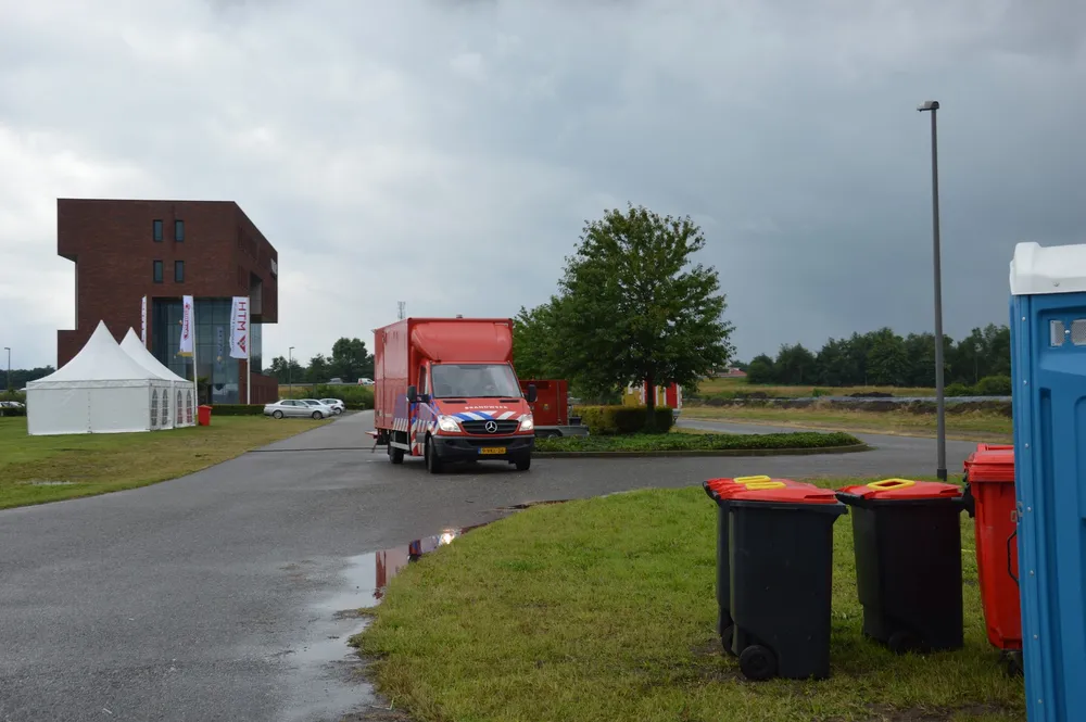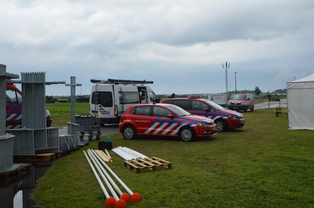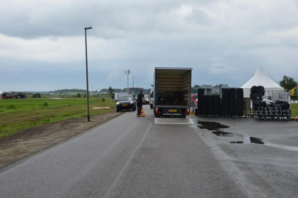 Een dag voor aanvang waren de voorbereidingen in volle gang, ondanks het slechte weer en de plensbuien was de organisatie druk bezig met het plaatsen van alle materialen en voertuigen.
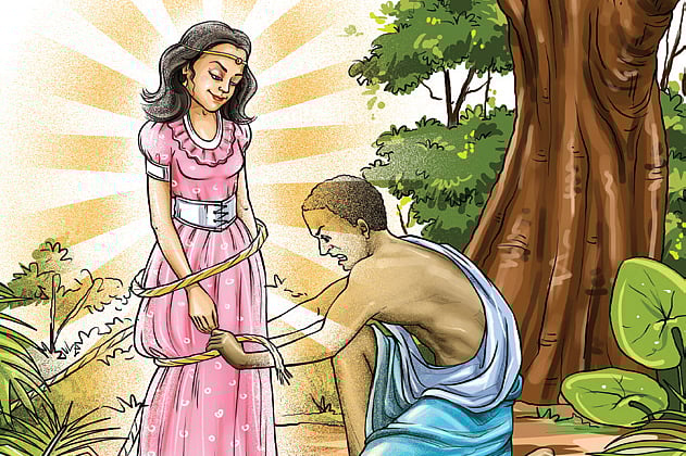 As he approached closer, he found a beautiful woman, radiant and shining like the sun, hanging from the raffia noose of the trap! Was she the Sun princess, wondered Lonkundo. “I’m so sorry, beautiful one! Here, let me get you out,” he apologised and gently released her.
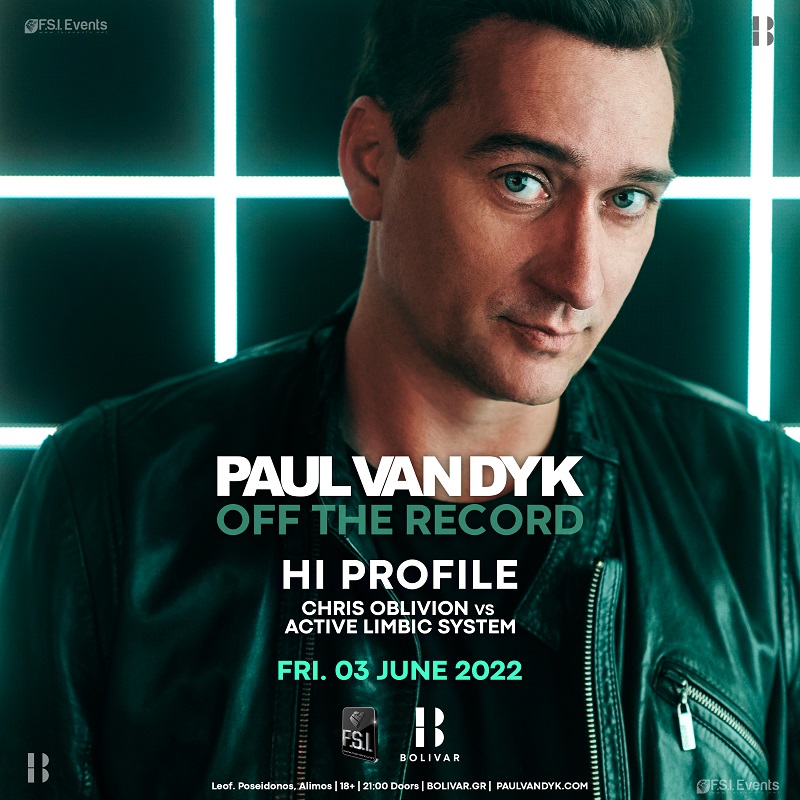 Ο διάσημος DJ Paul Van Dyk επιστρέφει στο Bolivar την Παρασκευή 3 Ιουνίου, στο πλαίσιο της παγκόσμιας περιοδείας του για την παρουσίαση του νέου του album με τίτλο «Off The Record».
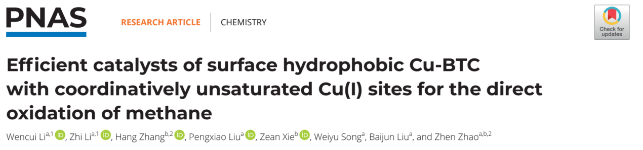 近日,必赢官网赵震教授研究团队在甲烷低温液相选择催化氧化研究方面取得重要进展,在世界公认的综合性科学顶级期刊《美国科学院院刊》(PNAS))发表题为“Efficient catalysts of surface hydrophobic Cu-BTC with coordinatively unsaturated Cu(I) sites for the direct oxidation of methane” (用于甲烷直接氧化的具有配位不饱和Cu(I)位点的表面疏水性Cu-BTC的高效催化剂)的学术论文。到目前,必赢官网教师已先后在世界四大综合性顶尖学术期刊(Nature,Science,Cell,PNAS)中的三大顶级期刊上发表论文。
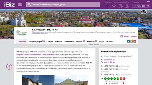 | Название / Заголовок | Каменецкая ПМК-14 УП - Общестроительные работы. Переработка, заготовка древесины. Производство столярных изделий. Производство товарного бетона. Земляные работы. Аренда недвижимого имущества.. 225051, Каменец, , 70-лет Октября, 43-1 |
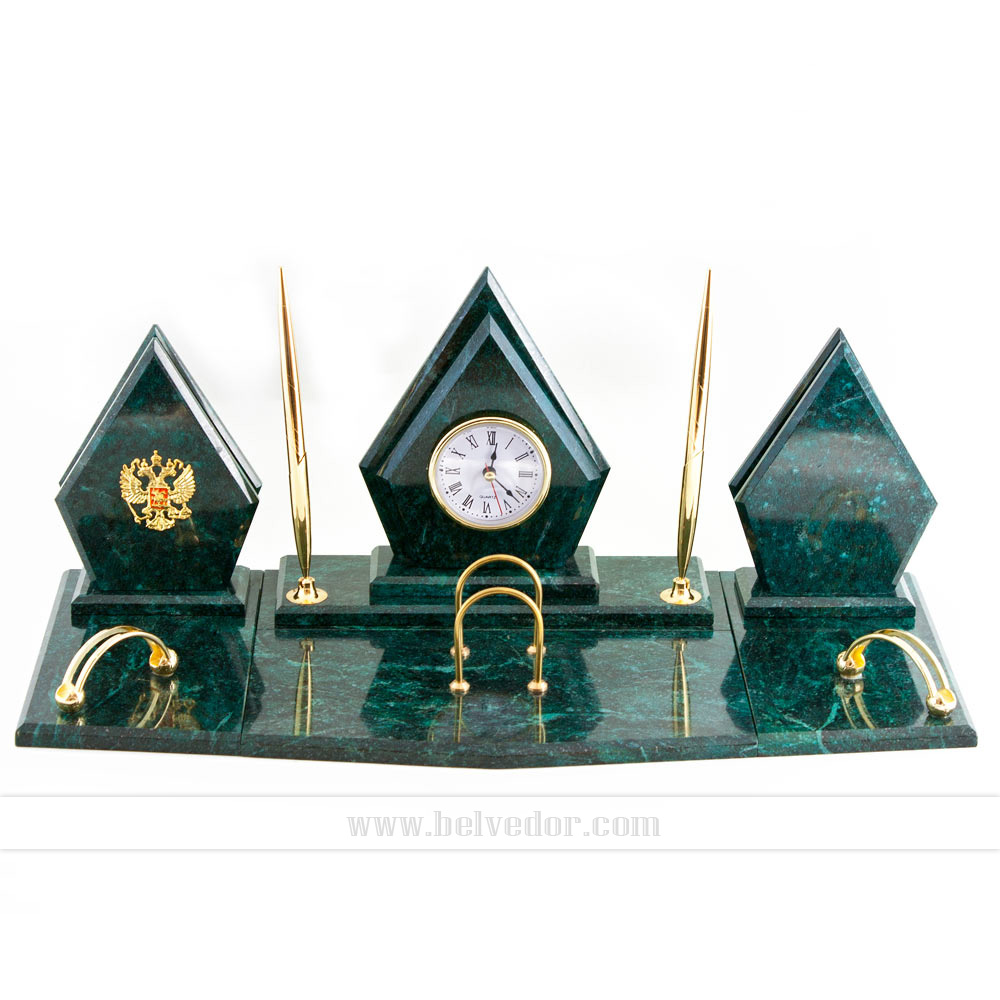 Настольный набор "ромб" камень змеевик
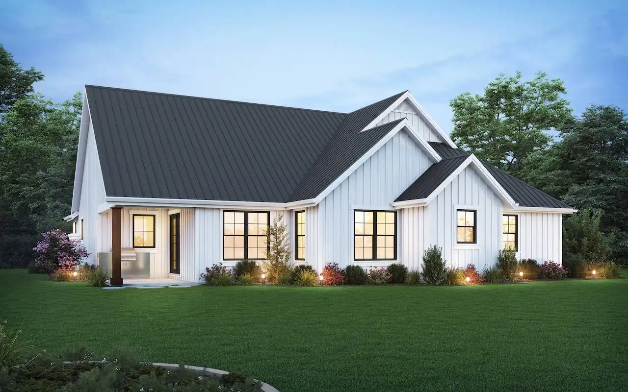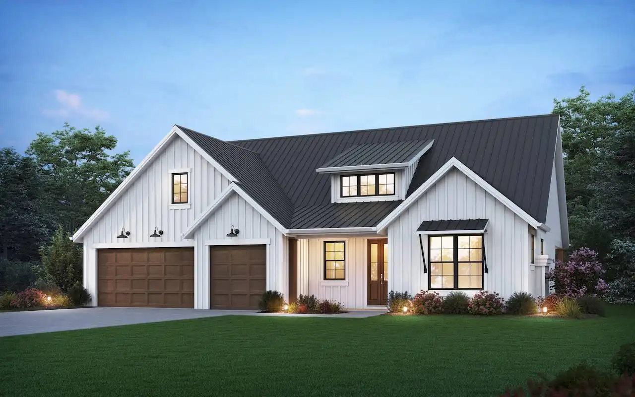 With 2,117 square feet, 3 bedrooms, and 2.5 bathrooms, House Plan 6654 checks the boxes for most modern families. The single-level layout and neat farmhouse curb appeal also cater to today's tastes! Inside, the section beside the three-car garage includes a small office, a vaulted great room, an L-shaped kitchen with an island, and the dining room. The unique layout has a casual feel in front and is a bit more formal in back, so you can host however you like! All three bedrooms are in a hallway behind the garage for privacy from the street. First, there's the master suite with a spacious five-piece bath and walk-in closet. Then there's the laundry room, centrally located for convenience. The two secondary bedrooms share a divided Jack-and-Jill bath. House Plan 6654 has a wonderfully balanced design that everybody can appreciate!
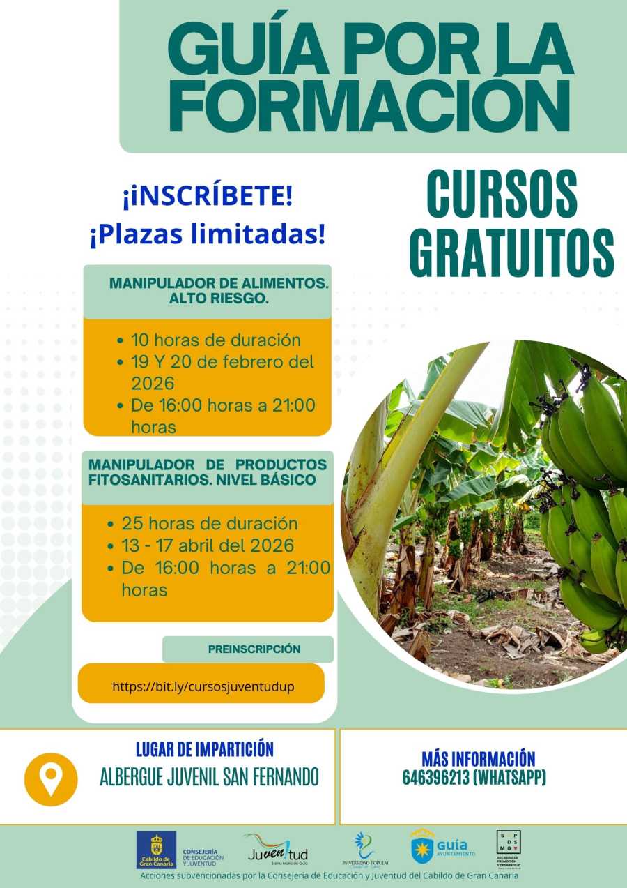 El Ayuntamiento de Guía, a través de las concejalías de Juventud y Universidad Popular, que dirige Ruth Martín, pone en marcha dos nuevos cursos gratuitos dirigidos a mejorar la formación y la empleabilidad de la ciudadanía: Manipulador de Alimentos de Alto Riesgo y Manipulador de Productos Fitosanitarios Nivel Básico.
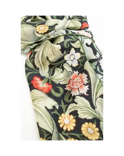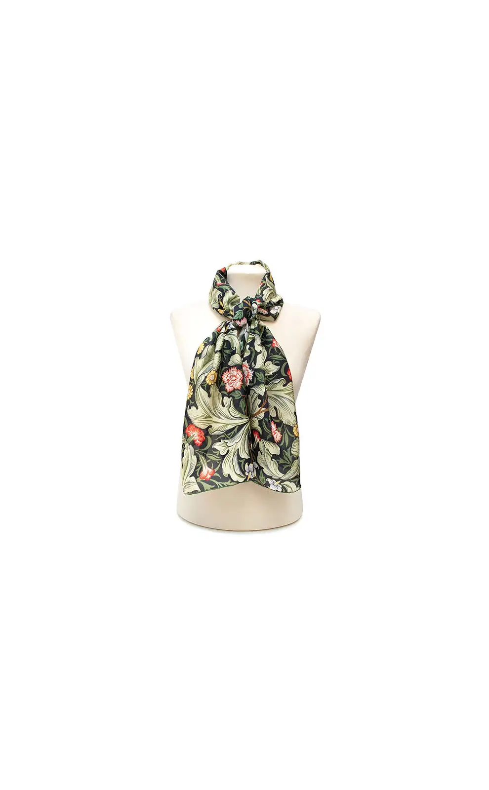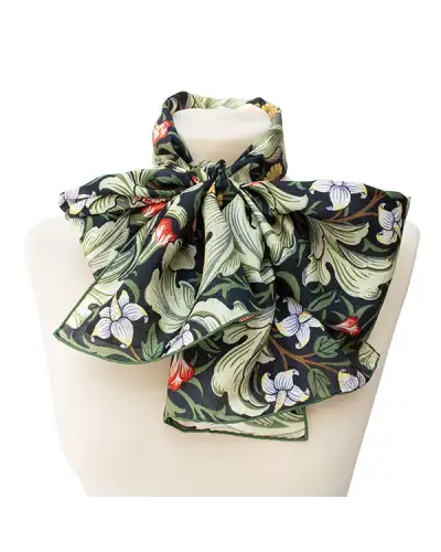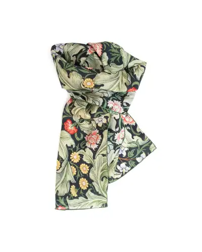 DESIGNER'S NOTES A rich Fox & Chave silk habotai scarf based on a design created in 1912 on behalf of Morris & Co. by John Henry Dearle (1859-1932) The 1912 Leicester pattern, designed by John Henry Dearle for Morris & Co., exemplifies his late-career refinement of the company's floral vocabulary. Dearle arranged sinuous stems of lilies, irises and convolvulus in a dense, rhythmic composition, where each flower grows from a shared lattice of intertwining vines. Unlike earlier Morris designs, which often emphasizsed symmetrical repetition, Leicester balances variety with subtle regularity, creating movement across the textile without overwhelming the eye. Printed on cotton and linen at Merton Abbey, the pattern showcases the layering of natural pigments, producing depth and vibrancy. Its intricate detailing and restrained palette allowed it to complement Edwardian interiors, where it was used for curtains, wall coverings and upholstery, bridging decorative artistry with domestic function. COLOURS STYLING A Fox & Chave habotai silk scarf can be worn with the classic knot style or a pussycat bow. You can even create a shawl effect by knotting two scarves together behind your neck and allowing them to drape over your shoulders. More scarf styling ideas are available in this wonderful How to Tie a Scarf book. Length: 150 cm Width: 33.5 cm Dry clean only 100% Habotai Silk Hand Rolled Hems
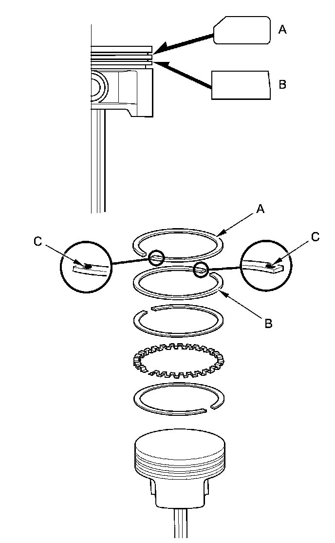 6. Install the rings as shown. The top ring (A) has a 1D mark and the second ring (B) has a 2X mark. The manufacturing marks (C) must be facing upward.
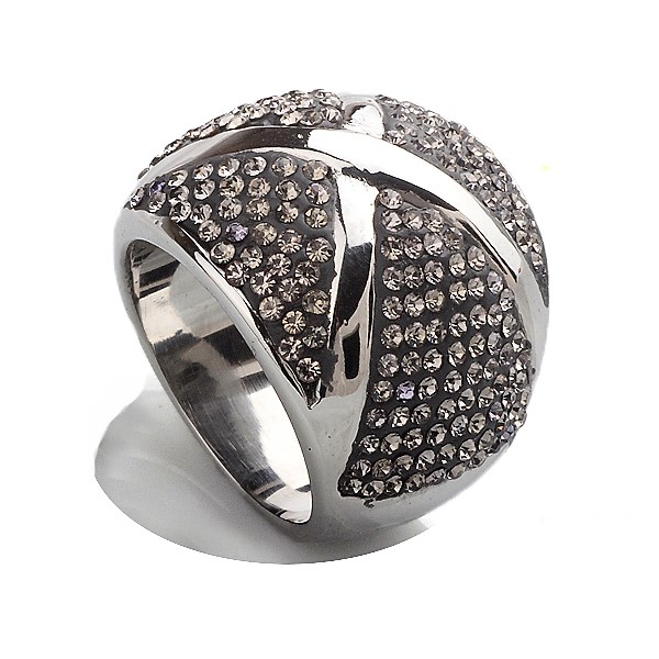 Elegante anillo en baño de oro blanco de 18 quilates, diseño en forma de "X" plateada con incrustación de cristales en color gris.
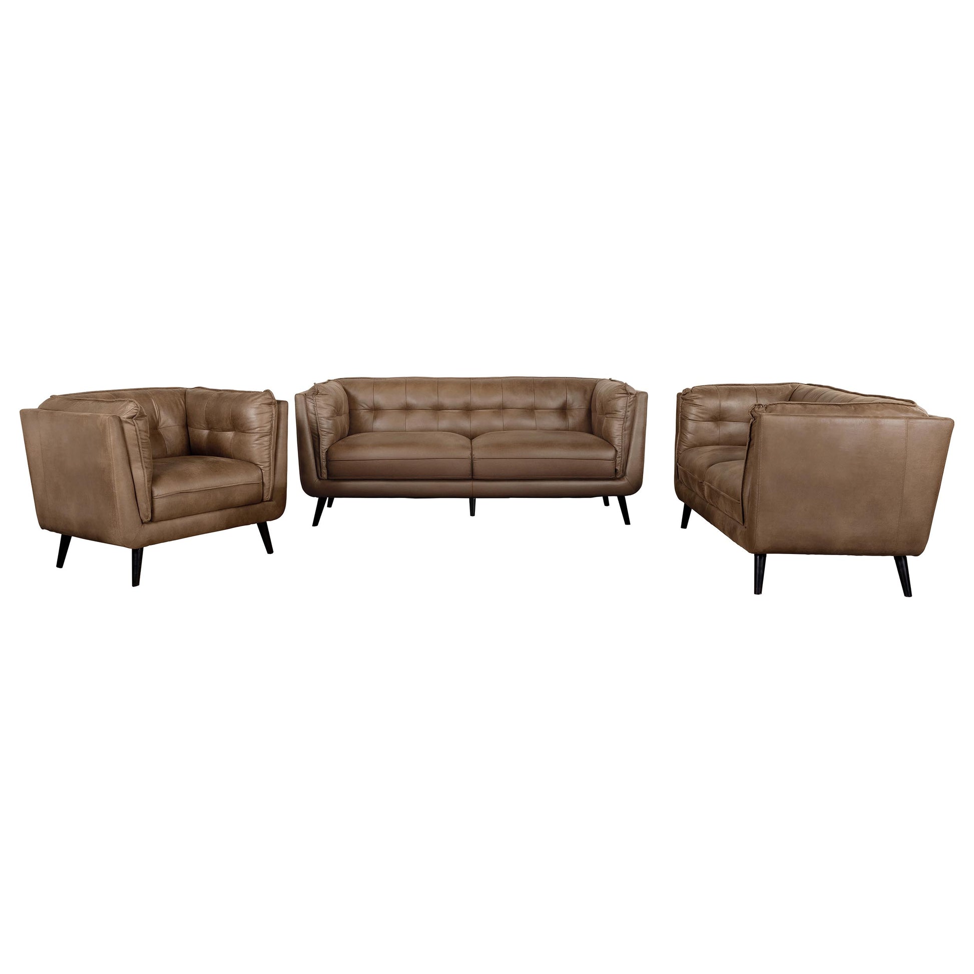 Host guests in your contemporary living room with this mid-century modern shelter style seating set, featuring plush grid tufted backrests and cushions upholstered in a soft brown performance coated microfiber for supreme comfort. This retro-inspired contemporary upholstered living room collection presents classic Chesterfield style frames, accented with wet trim details and flared tapered dark brown wood legs for a chic vintage vibe.
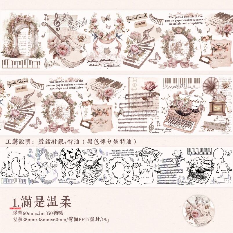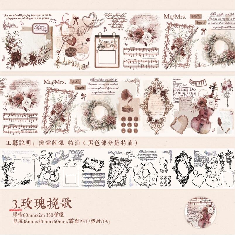 アンティークなデザインが魅力のマスキングテープです。華やかさがありながら落ち着きのある上品な色彩で、お洒落なコラージュをお楽しみいただけます。
• • • • •
Activity: Nothing but the lines from the line with "Host guests in" through the last line of the data above should be printed, exactly as written and without pictures.

Reply:
 Host guests in your contemporary living room with this mid-century modern shelter style seating set, featuring plush grid tufted backrests and cushions upholstered in a soft brown performance coated microfiber for supreme comfort. This retro-inspired contemporary upholstered living room collection presents classic Chesterfield style frames, accented with wet trim details and flared tapered dark brown wood legs for a chic vintage vibe.
 アンティークなデザインが魅力のマスキングテープです。華やかさがありながら落ち着きのある上品な色彩で、お洒落なコラージュをお楽しみいただけます。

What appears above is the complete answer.